When you are choosing an optic you may see a set of numbers that read like so 3-9x 40mm. This isn’t a math problem, but a look at the scopes specs.The 3-9x represents the magnification levels the scope can reach and the 40mms represents the objective lens diameter. When we are looking at rifle objective lenses we are measuring in mms.
Objective Lens & Light Gathering
The purpose of an objective lens, and where size comes into play, is when we talk about light gathering. An objective lens gathers light to give you a bright and vivid picture. The bigger the lens, the more light you are capable of transmitting through the scope. However, there are some mitigating factors to consider. To understand these we have to talk about how you eye’s work.

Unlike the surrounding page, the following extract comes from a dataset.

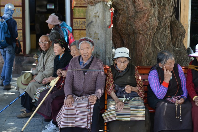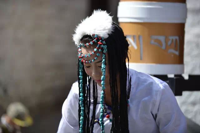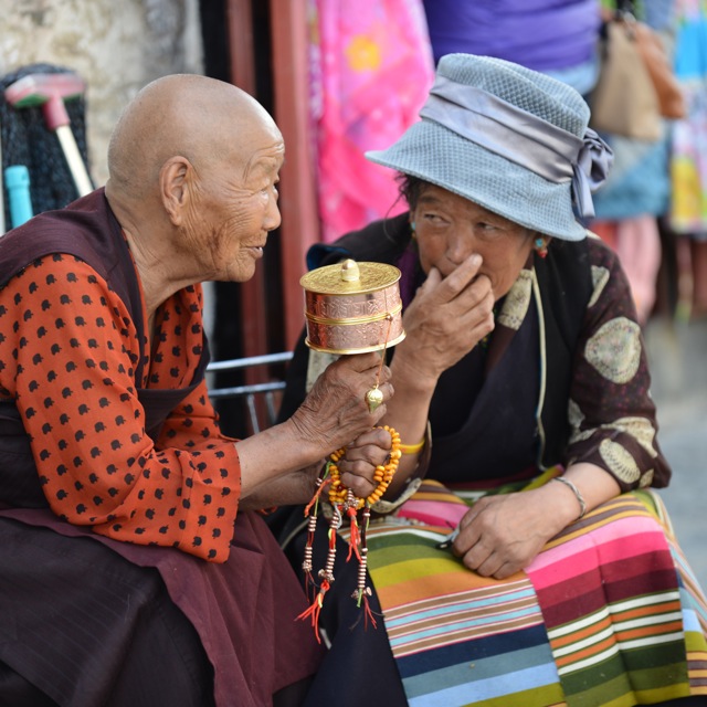 在转经道的尽头处有一颗大树,华盖下的长椅上坐满了休息的老人,大多都是面容沧桑而神情平和,他们有些手持转经筒闭目养神,有些正三三两两的攀谈着,在正午的阳光下,构成了一幅精典的西藏画面。

The human eye detects light through our pupils, which can shrink and grow as necessary to see. In the dead of night, someone with perfect eyes has an exit pupil diameter of 7mms, this wider exit pupil allows you to see better in the dark and gives you natural night vision. During the brightest parts of the day yours, pupils are at 2mms to avoid being incredibly uncomfortable throughout the day. For you objective lens to be at its maximum level of light gathering efficiency the exit pupil of the scope should match the exit pupil of your eye.
Magnification affects the exit pupil of the scope as well as the objective lenses size. There is actually a very simple formula you can use to determine the exit pupil size of a scope.
It goes like this, Scope Diameters in millimeters ÷ Magnification level = Exit pupil size. Let’s say you are hunting in the evening and the sun is beginning to go down. Your object lens is 40mms, and you want an exit pupil size of 8. Just a little above normal to make things a little brighter. You scope is a 2 to 10 power scope. So you set the magnification to 5. 40 ÷ 5 = 8 mm exit pupil.
With this in mind, you can imagine that some objective lenses are going to be large and powerful enough to gather enough light to be quite uncomfortable unless a proportional amount of magnification is attached to the rifle. This works both ways, if you have a lot of magnification with a small objective lens you may find your sight picture being dim and dark. Bigger is not always better.
Why Large Objective Lens Is Not Necessary Better One?
Outside of what our eyes are capable of seeing we have a number of different challenges with large objective lenses. A large objective lens is typically anything over 42 mms. This means 50 mm and up are considered large objective lenses. The first issue is cost, they will be more expensive when put against a comparable scope of similar quality. They will also be heavier, which makes off hand shooting more difficult.
Another issue is large objective lenses are mounted higher and farther from the barrel. This can decrease the overall accuracy and precision of the scope, as well as degrade the ability to make broad adjustments up and down. Because the scope is mounted higher you run the risk of losing a good and proper cheek weld without a special adapter.
Benefits of Larger Objective Lenses
Large objective lens scopes have their place, and they are relatively useful for long distance shooting at a fixed target. They are also good when hunting or shooting at near night, or during the night. Like everything, there is a certain level of compromise involved with choosing an objective lens.
With most shooters I suggest starting with something in the 40 or 42mm range. You’d be hard pressed to find and overall better size for most applications. You can, of course, go smaller with scopes designed for close range shooting, or low magnification shooting. Going larger is a tricky proposition, and often, in that case, the juice isn’t worth the squeeze for average shooter.